ひと 小乃おのさん=吃音体験を描いたコミックエッセーを出版

2020/12/06

毎日新聞 2020年11月24日

 なかなか言葉が出てこない吃音で幼い頃からからかわれ、頑張って話そうとしては落ち込んだ。学生時代は人と話さずに生きる方法まで探した。大学生の時にアルバイトの接客で「何あれ、変な話し方」といわれ、心が折れた。心理学の先生に相談すると、「接客は言葉だけじゃないと思う」と言われた。人間関係は「言葉だけじゃない」と気付かされ、吃音と折り合えるようになった。

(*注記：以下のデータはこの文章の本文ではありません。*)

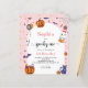 デザインは可愛い小さな幽霊、カボチャ、クモの巣、猫とハロウィーンのキャディーと猫のパステルピンクのアーチ背景。おもしろいスよくはしゃぐクリプト文字「不気味な1」
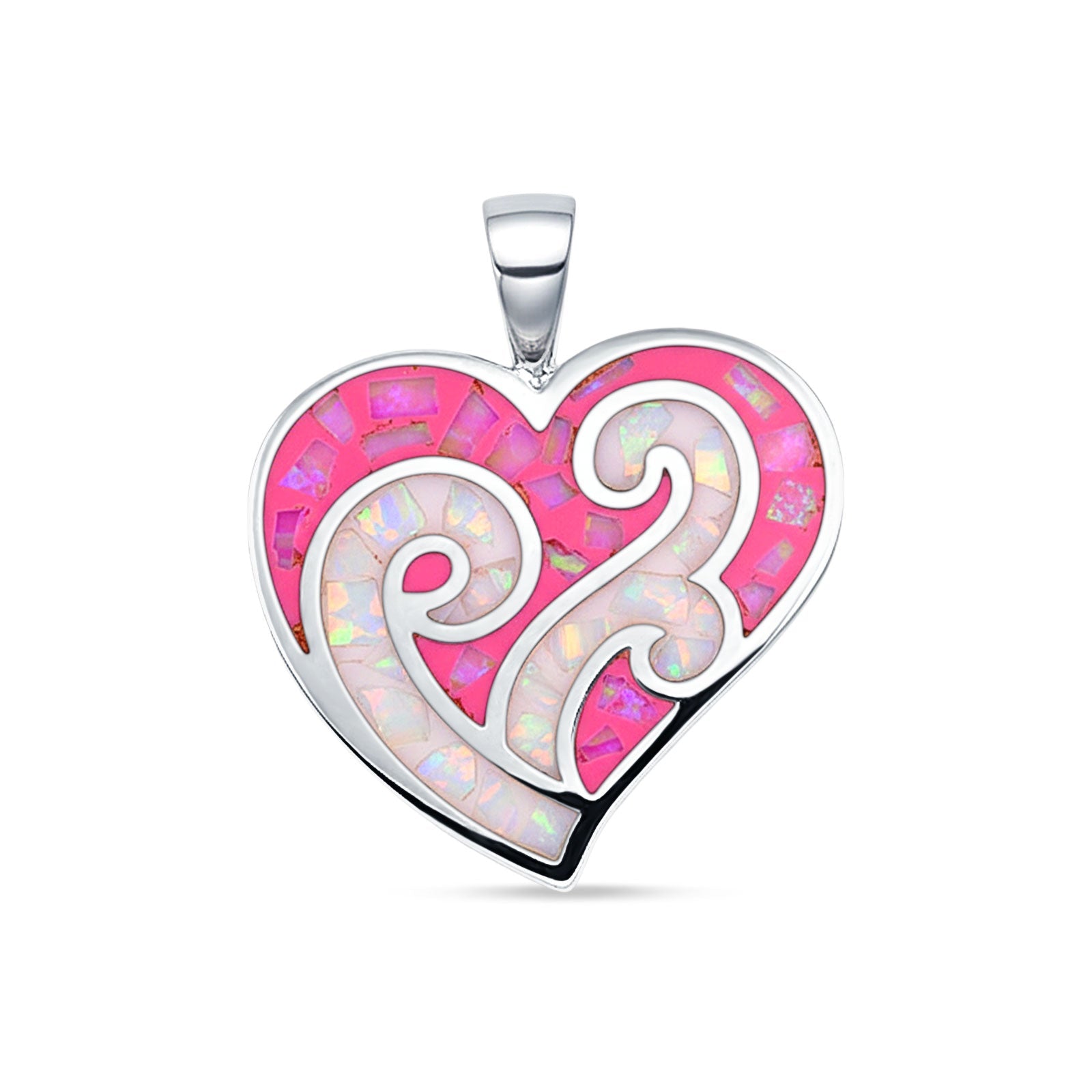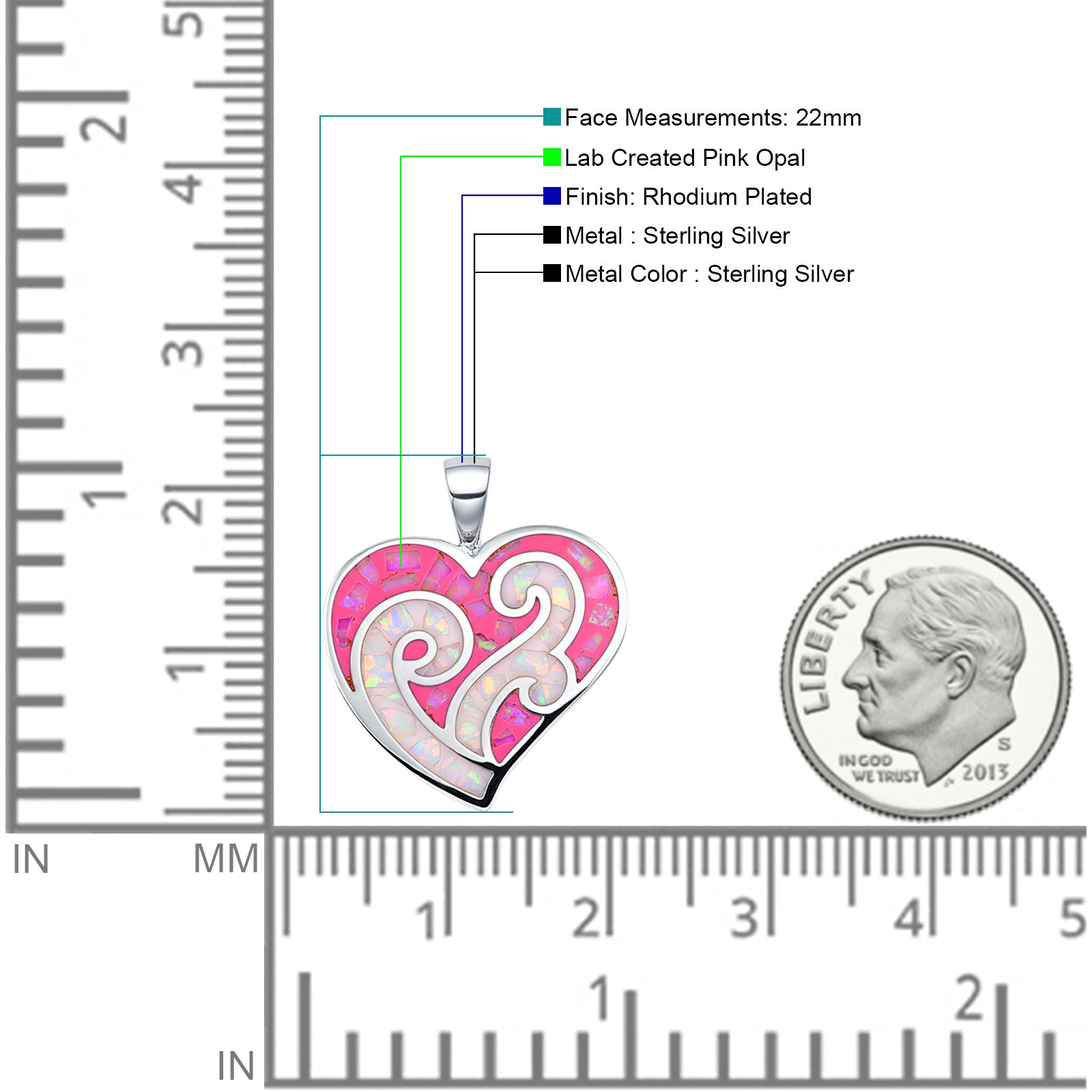 Lab Created Pink Opal Heart Pendant 925 Sterling Silver

 同じような悩みや障害を抱え「生きづらさ」を感じている人の役に立ちたいと福祉の道を選んだ。2年前、吃音で悩む若者を紹介したインターネット番組を知り「自分が何とかなっているからって、忘れてはいけない」。自分なりの吃音とのつきあい方を伝えようと決心した。ケアマネージャーとして働きながら「どもっても生きやすい世の中に」と願い、体験を得意な漫画で描いた。周囲の人たちへ「ゆったり聞いてほしい。そうすれば、こらえていたたくさんの言葉が出せるのです」とメッセージも盛り込んだ。